Wang Yaping, Zhang Sheng, Cao Ruofan, Xu Di, Fan Yuqi
Key Laboratory of Advanced Manufacturing and Intelligent Technology, Harbin University of Science and Technology, Harbin 150080, China.
School of Mechanical and Power Engineering, Harbin University of Science and Technology, Harbin 150080, China.
Entropy (Basel). 2023 Jun 1;25(6):889. doi: 10.3390/e25060889.
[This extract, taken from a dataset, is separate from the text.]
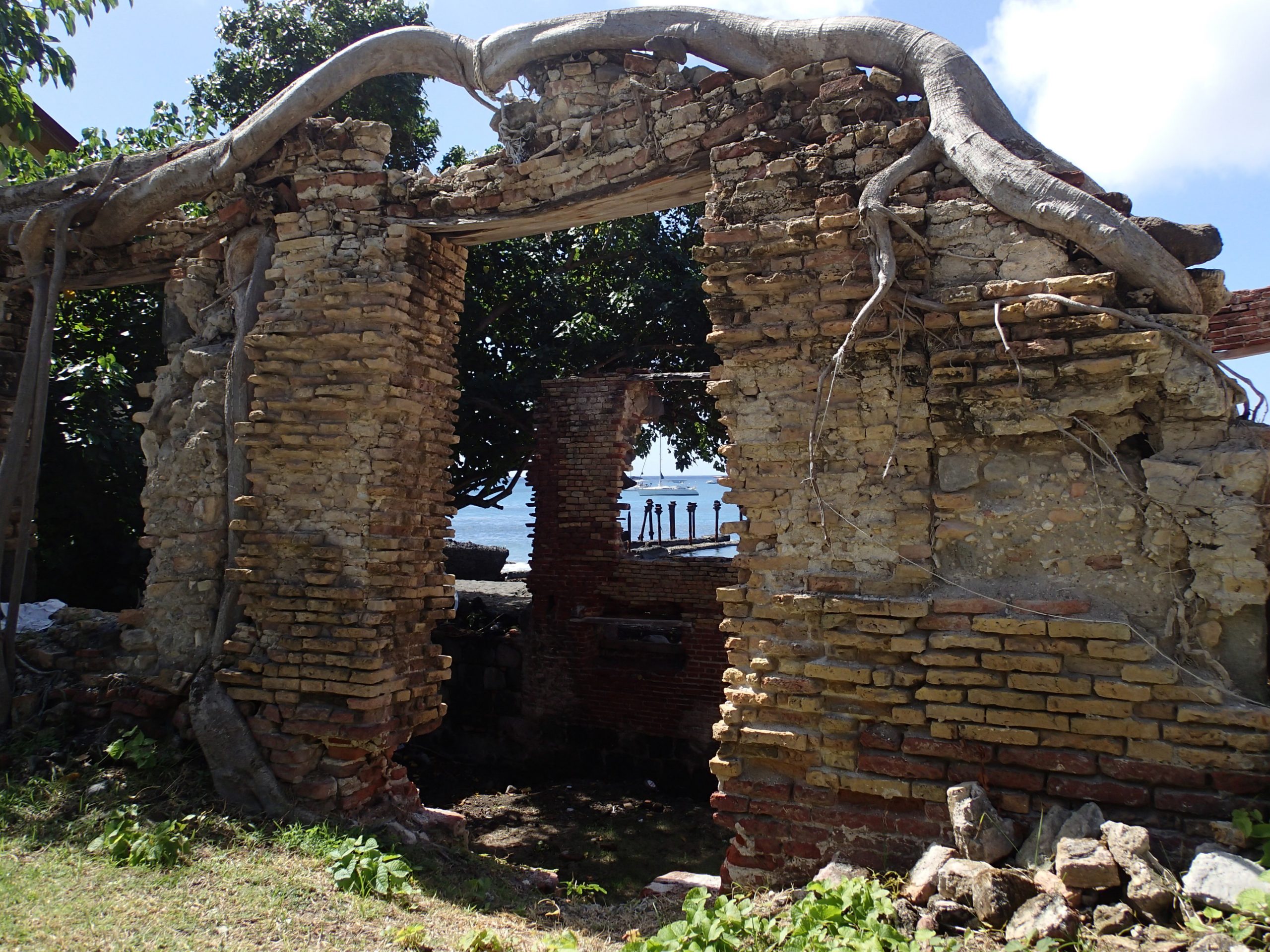 Nachdem wir die meisten technischen Probleme an Bord der `Rossy` in St. Martin gelöst hatten war das erste Ziel St. Eustachia (kurz `Statia`) eine ehemalige holländische Kolonie, schon immer wichtig als Drehscheibe zwischen den Amerikas und Europa. Sklaven, Gewürze und Bodenschätze wurden hier umgeladen und verschifft. Auch heute noch dient Statia als Umschlaghafen für Öl/Diesel. Die riesigen Verladedocks sehen zwar nicht sehr schön aus, tun aber dem Rest der Insel keinen Abbruch. Der 600m hohe Vulkan Mazinga in der Mitte der Insel dominiert das Bild und man muss einfach rauf um einen grandiosen Rundblick zu haben und 200m tief in den (erloschenen) Vulkanschlund zu haben…Holländer und Spanier haben schon immer auf dieser fruchtbaren Insel gesiedelt und die Überbleibsel finden sich im Regenwald an den Hängen des Vulkans als wild wachsende Bananen, Papaya, Mango,usw. wieder. Rumflitzende Chicken, Schweine und Ziegen geben einem das Gefühl in einer riesigen Freilandfarm rumzulaufen…Die Häuser von Oraniestaad auf Statia sind dazu dann die perfekte Ergänzung – im 17. Jahrhundert hatten die Holländer keine besonders neuen Ideen was die Architektur anbelangt und so stehen hier mitten in der Karibik Häuschen wie an der Nordsee… Man fühlt sich nicht so als sollte man einen Cocktail oder eiskaltes Bier bestellen, eher einen Grog oder Matjesbrötchen!

In complex industrial environments, the vibration signal of the rolling bearing is covered by noise, which makes fault diagnosis inaccurate. In order to overcome the effect of noise on the signal, a rolling bearing fault diagnosis method based on the WOA-VMD (Whale Optimization Algorithm-Variational Mode Decomposition) and the GAT (Graph Attention network) is proposed to deal with end effect and mode mixing issues in signal decomposition. Firstly, the WOA is used to adaptively determine the penalty factor and decomposition layers in the VMD algorithm. Meanwhile, the optimal combination is determined and input into the VMD, which is used to decompose the original signal. Then, the Pearson correlation coefficient method is used to select IMF (Intrinsic Mode Function) components that have a high correlation with the original signal, and selected IMF components are reconstructed to remove the noise in the original signal. Finally, the KNN (K-Nearest Neighbor) method is used to construct the graph structure data. The multi-headed attention mechanism is used to construct the fault diagnosis model of the GAT rolling bearing in order to classify the signal. The results show an obvious noise reduction effect in the high-frequency part of the signal after the application of the proposed method, where a large amount of noise was removed. In the diagnosis of rolling bearing faults, the accuracy of the test set diagnosis in this study was 100%, which is higher than that of the four other compared methods, and the diagnosis accuracy rate of various faults reached 100%.
在复杂的工业环境中,滚动轴承的振动信号被噪声所掩盖,这使得故障诊断不准确。为了克服噪声对信号的影响,提出了一种基于鲸鱼优化算法-变分模态分解(WOA-VMD)和图注意力网络(GAT)的滚动轴承故障诊断方法,以解决信号分解中的端点效应和模态混叠问题。首先,利用鲸鱼优化算法自适应地确定变分模态分解算法中的惩罚因子和分解层数。同时,确定最优组合并输入到变分模态分解中,用于分解原始信号。然后,采用皮尔逊相关系数法选择与原始信号相关性高的本征模态函数(IMF)分量,并对所选的IMF分量进行重构以去除原始信号中的噪声。最后,使用K近邻(KNN)方法构建图结构数据。利用多头注意力机制构建图注意力网络滚动轴承故障诊断模型,对信号进行分类。结果表明,应用该方法后,信号高频部分有明显的降噪效果,去除了大量噪声。在滚动轴承故障诊断中,本研究中测试集诊断的准确率为100%,高于其他四种对比方法,各种故障的诊断准确率均达到100%。